What is Market Price of Risk?

The market price of risk refers to the desired return over the risk-free rate as compensation for taking on risk.

Market Price of Risk

A Short Example

Historically a stock has increased by an average of 20% per annum when the risk-free rate of interest was 5%. Throughout this time, there was 30% volatility. Consequently, this stock returns an extra 0.5 percent on average above the risk-free rate for every unit of risk. This is the market price of risk.

A Deep Dive into Market Price of Risk

According to conventional economic theory, only an individual who anticipates outpacing the return on holding a risk-free asset would make an investment in a risky asset. Usually, volatility or the standard deviation of returns is used to calculate risk.

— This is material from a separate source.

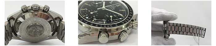 また、シーマスターやスピードマスター、コンステレーションなどのモデルの中には、裏蓋に刻印があるものがあります。偽物はこういった刻印の彫りが甘かったり、文字の彫り上げが雑だっだりと、やはり細部に雑さがみられます。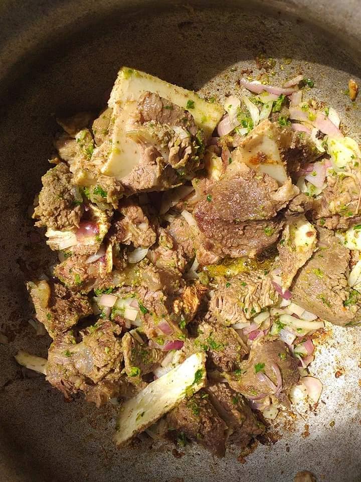 Ajouter l’huile, ails persil écraser et oignons. Faites revenir pendant 5 minutes.

A stock’s market price of risk can be calculated by dividing the standard deviation of returns by the ratio of expected return over the risk-free interest rate. Remarkably, leverage has no effect on this amount. The market price of risk remains constant if you borrow money at the risk-free rate to invest in a risky asset, as both the expected return and the risk rise. This ratio is also the Sharpe ratio when appropriately annualised.

What is the market price of risk for an option on a stock, given that the stock has a given market price of risk? This is a natural question to ask. In the well-known Black-Scholes universe, where volatility is predictable and continuous and cost-free hedging is possible, the option’s market price of risk is equal to the equity’s underlying price. This has to do with the idea of a complete market, wherein options are superfluous as stock and cash can do the same job.

We frequently attempt to model quantities in derivatives theory as stochastic, or random. Risk follows randomness, and risk raises the question of how to value risk that is, what kind of return can we reasonably hope to obtain by taking a risk? Is the amount you are modelling traded directly in the market? is by far the most significant factor that determines the role of this market price of risk.

Market Price of Risk and Hedging in Option Pricing

The Black-Scholes option pricing model does not include the market price of risk if the quantity is traded directly, with stocks being the most prominent example. This is due to the fact that you can dynamically buy and sell the underlying asset in an option position to reduce risk. The foundation of risk-neutral valuation is this.


By hedging, one can remove their exposure to both the market price of risk and the direction in which the asset is moving. If you examine the Black–Scholes equation, you will see this.
There, the growth rate and risk price are absent, and the only metric derived from the stock random walk is volatility.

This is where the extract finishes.